Set `visibility: hidden` (not `display: none`) on the export button before rendering — hides it from the PDF without shifting layout.

---

## Common Pitfalls

- **Phase 1 — Mistaking horizontal for vertical competition:** A search returning generic tools (Zapier, Excel) doesn't mean the vertical is crowded — it means the handoff is unspecialized. Always judge by vertical specificity.
- **Phase 2 — Defining upstream/downstream too broadly:** If your upstream is "all business software", you'll get meaningless results. Keep workflows specific to the product category.
- **Phase 3 — Feature decomposition too granular:** 3-5 features max.
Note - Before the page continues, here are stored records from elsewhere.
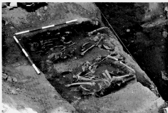
Obr. 162. Znojmo-Václavské náměstí. Celkový pohled na část pohřebiště z 12. století. Znojmo-Václavské Platz. Gesamtansicht eines Teiles des Gräberfeldes aus dem 12. Jahrhundert.

západní sekční čáry, 44 mm od jižní sekční čáry a 357 mm od západní sekční čáry, 47 mm od jižní sekční čáry. Nadmořská výška činí 296 m.
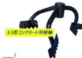
3.5型コンクリート羽根軸
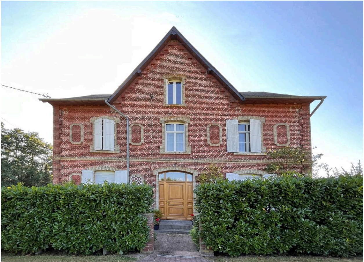
Façade sur rue de la maison de contremaître.
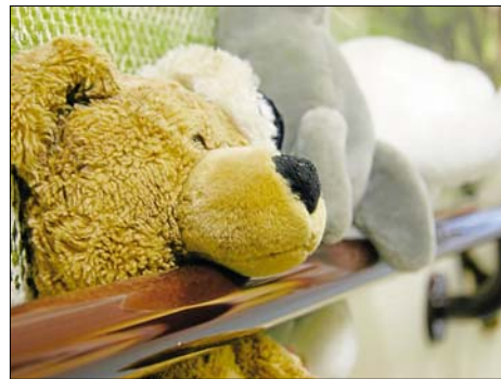
Gedächtnisspiele, Vorlesen und Gespräche lassen die Bewohner der gerontopsychiatrischen Abteilung jeden Morgen zusammenkommen (oben). Hinter den Handläufen klemmen Stofftiere, die den Demenzkranken vielfach treue Begleiter sind.
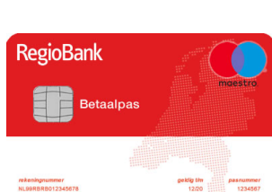
RegioBank Gezamenlijke Rekening
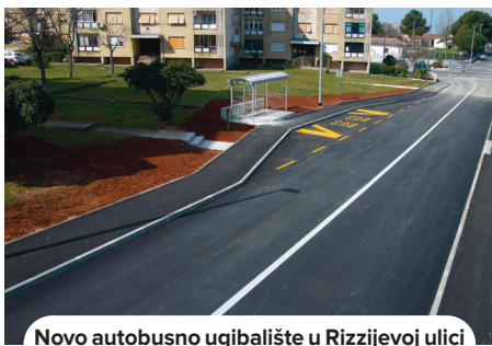
Novo autobusno ugibalšte u Rizzijevoj ulici
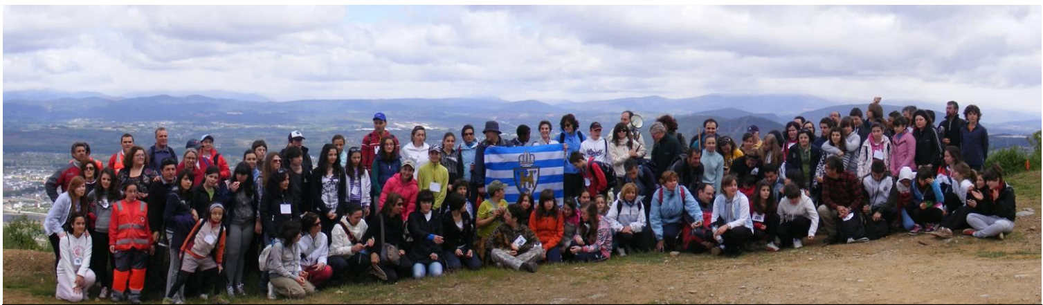
I EDICIÓN MARCHA SOLIDARIA - MONTE PAJARIEL - 15 - MAYO - 2010

If you decompose into 20 sub-features, the combinatorial queries become noise.
- **Phase 4 — ICP extraction losing the core mechanic:** Strip industry jargon but don't strip the core innovation. "AI-powered" may be generic — "ML-based classification routing" is the mechanic.
- **Phase 5 — Overclaiming white space:** Absence from AlphaLens ≠ absence from the market. Always qualify findings with "AlphaLens-indexed" and note that private companies, pre-revenue startups, and internal tools may not appear.